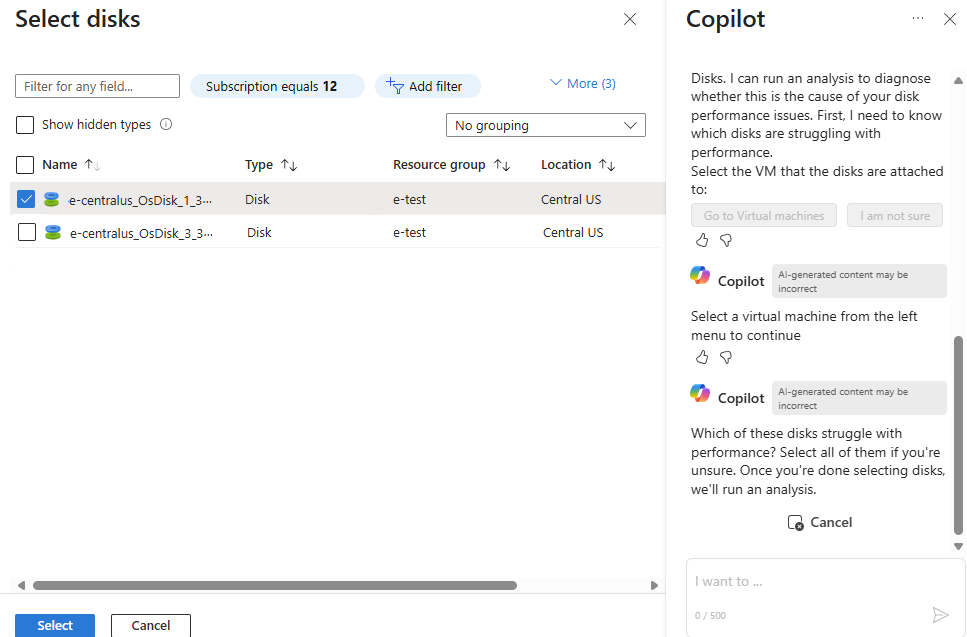 After you select a VM, you're prompted to select one or more disks for Copilot in Azure to analyze.
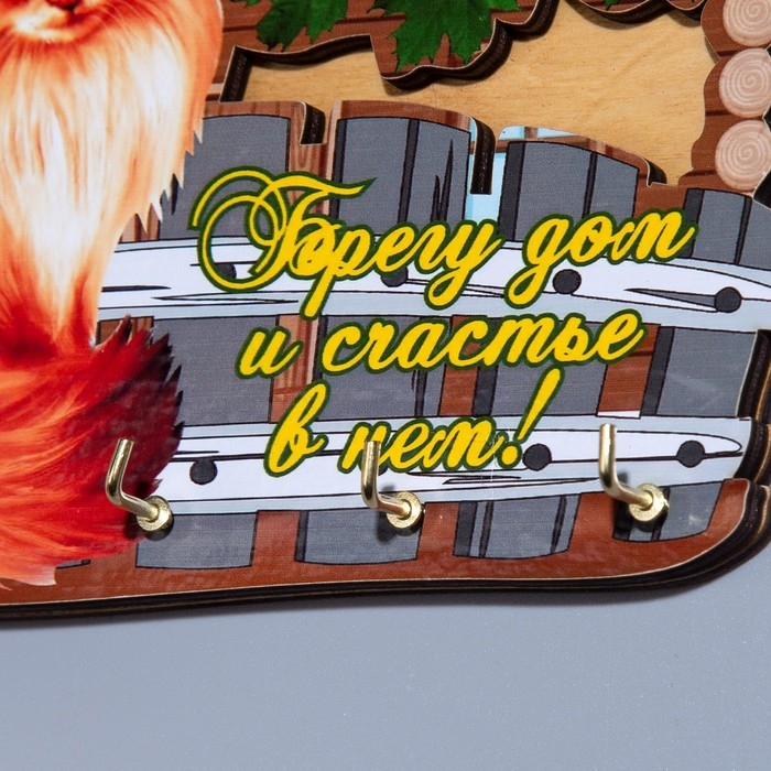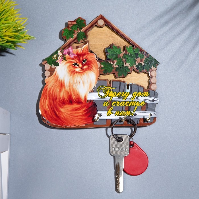 Ключница "Берегу дом и счастье в нем!" кошка, 15х14х1 см
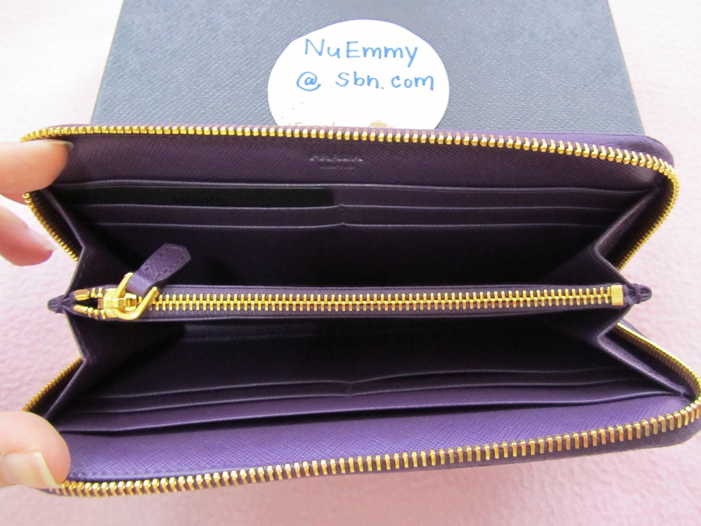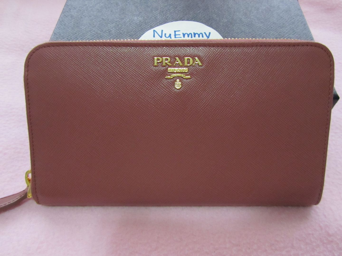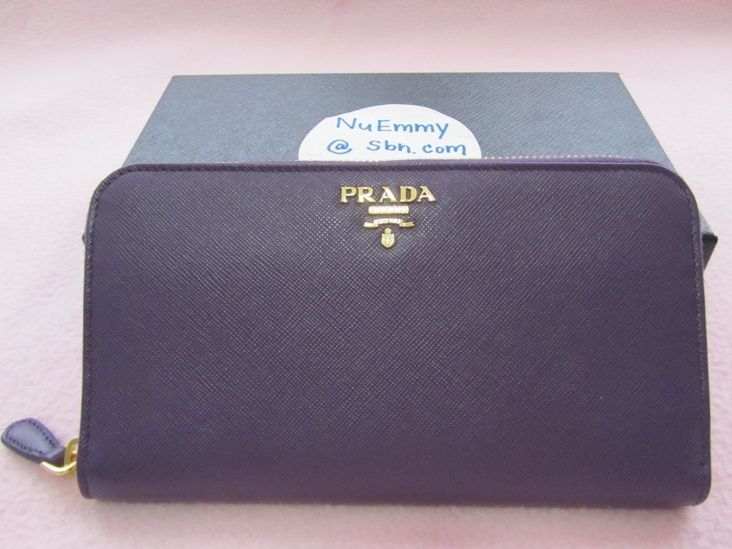 New Prada Zippy Long Wallet มี 5 สี สีแดง สีแดงอมชมพู สีชมพูอมส้มอิฐ สีม่วงอมเทา และ สีม่วง ด้านนอกและในเป็นหนังค่ะ มีกล่องกับการ์ดพลาสติกค่ะ

######

TASK TO COMPLETE:
What is needed is an exact repeat of only the lines from the one containing "кошка, 15х14х1 см" through the last line of the listing above, both ends included, without the pictures.

TASK OUTPUT:
 Ключница "Берегу дом и счастье в нем!" кошка, 15х14х1 см
 New Prada Zippy Long Wallet มี 5 สี สีแดง สีแดงอมชมพู สีชมพูอมส้มอิฐ สีม่วงอมเทา และ สีม่วง ด้านนอกและในเป็นหนังค่ะ มีกล่องกับการ์ดพลาสติกค่ะ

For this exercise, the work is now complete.